WORK TASK: Of the lines listed below, return exactly those that run from the line containing "Hier in Santa" through the line containing "乌审旗文化和旅游局关于宗教工作自查情况的报告.docx", both included.
[Opening AVAILABLE DATA section]
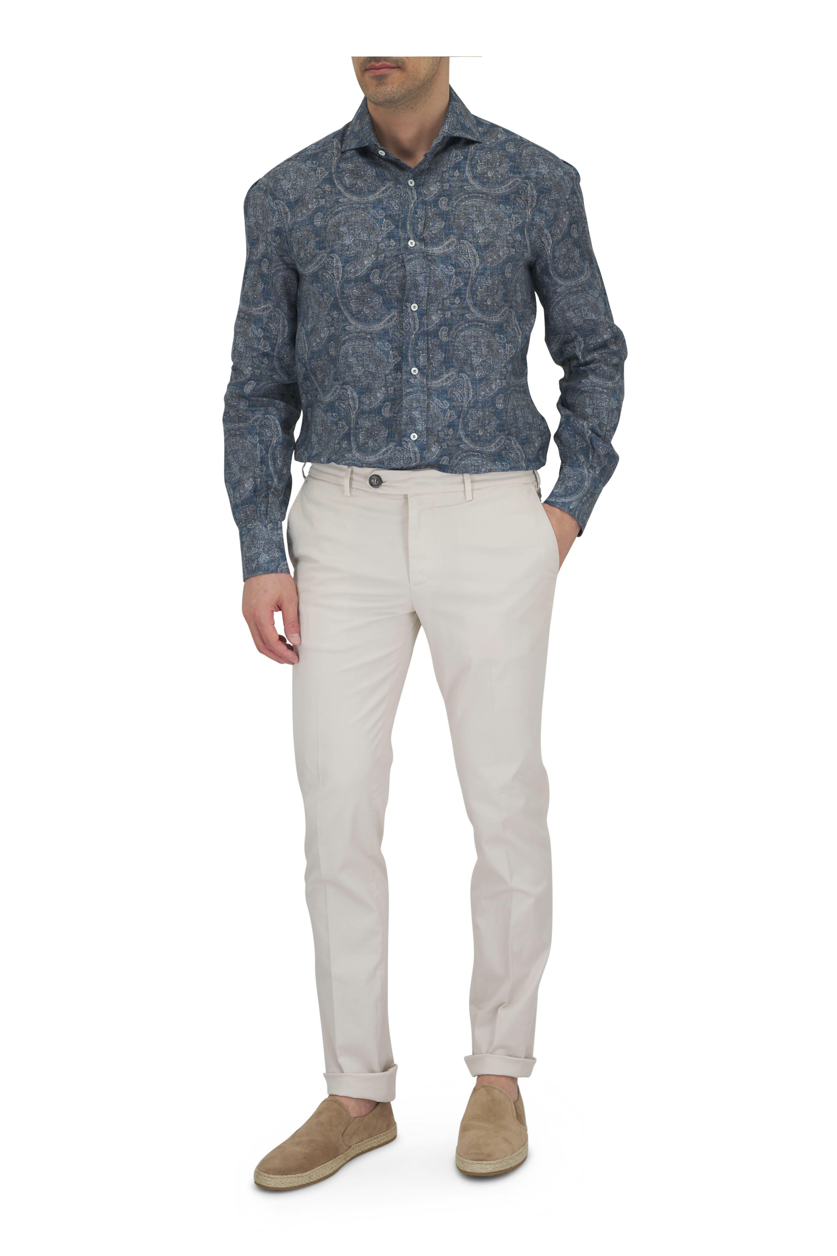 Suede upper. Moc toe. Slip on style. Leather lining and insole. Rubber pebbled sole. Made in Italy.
[Closing AVAILABLE DATA section]
[Opening AVAILABLE DATA section]
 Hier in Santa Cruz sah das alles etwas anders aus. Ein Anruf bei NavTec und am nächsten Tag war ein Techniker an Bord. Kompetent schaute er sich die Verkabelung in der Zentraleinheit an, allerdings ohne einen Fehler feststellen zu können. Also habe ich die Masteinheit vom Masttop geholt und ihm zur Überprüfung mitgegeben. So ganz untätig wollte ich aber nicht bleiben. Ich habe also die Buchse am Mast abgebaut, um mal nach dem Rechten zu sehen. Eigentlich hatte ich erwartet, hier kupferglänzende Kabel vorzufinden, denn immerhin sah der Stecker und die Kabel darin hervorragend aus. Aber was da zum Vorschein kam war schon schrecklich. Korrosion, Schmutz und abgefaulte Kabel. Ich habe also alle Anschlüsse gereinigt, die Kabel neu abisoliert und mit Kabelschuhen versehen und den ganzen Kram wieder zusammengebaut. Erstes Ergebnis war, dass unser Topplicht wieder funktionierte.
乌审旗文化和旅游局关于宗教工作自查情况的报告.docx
[Closing AVAILABLE DATA section]
WORKED SOLUTION:
 Hier in Santa Cruz sah das alles etwas anders aus. Ein Anruf bei NavTec und am nächsten Tag war ein Techniker an Bord. Kompetent schaute er sich die Verkabelung in der Zentraleinheit an, allerdings ohne einen Fehler feststellen zu können. Also habe ich die Masteinheit vom Masttop geholt und ihm zur Überprüfung mitgegeben. So ganz untätig wollte ich aber nicht bleiben. Ich habe also die Buchse am Mast abgebaut, um mal nach dem Rechten zu sehen. Eigentlich hatte ich erwartet, hier kupferglänzende Kabel vorzufinden, denn immerhin sah der Stecker und die Kabel darin hervorragend aus. Aber was da zum Vorschein kam war schon schrecklich. Korrosion, Schmutz und abgefaulte Kabel. Ich habe also alle Anschlüsse gereinigt, die Kabel neu abisoliert und mit Kabelschuhen versehen und den ganzen Kram wieder zusammengebaut. Erstes Ergebnis war, dass unser Topplicht wieder funktionierte.
乌审旗文化和旅游局关于宗教工作自查情况的报告.docx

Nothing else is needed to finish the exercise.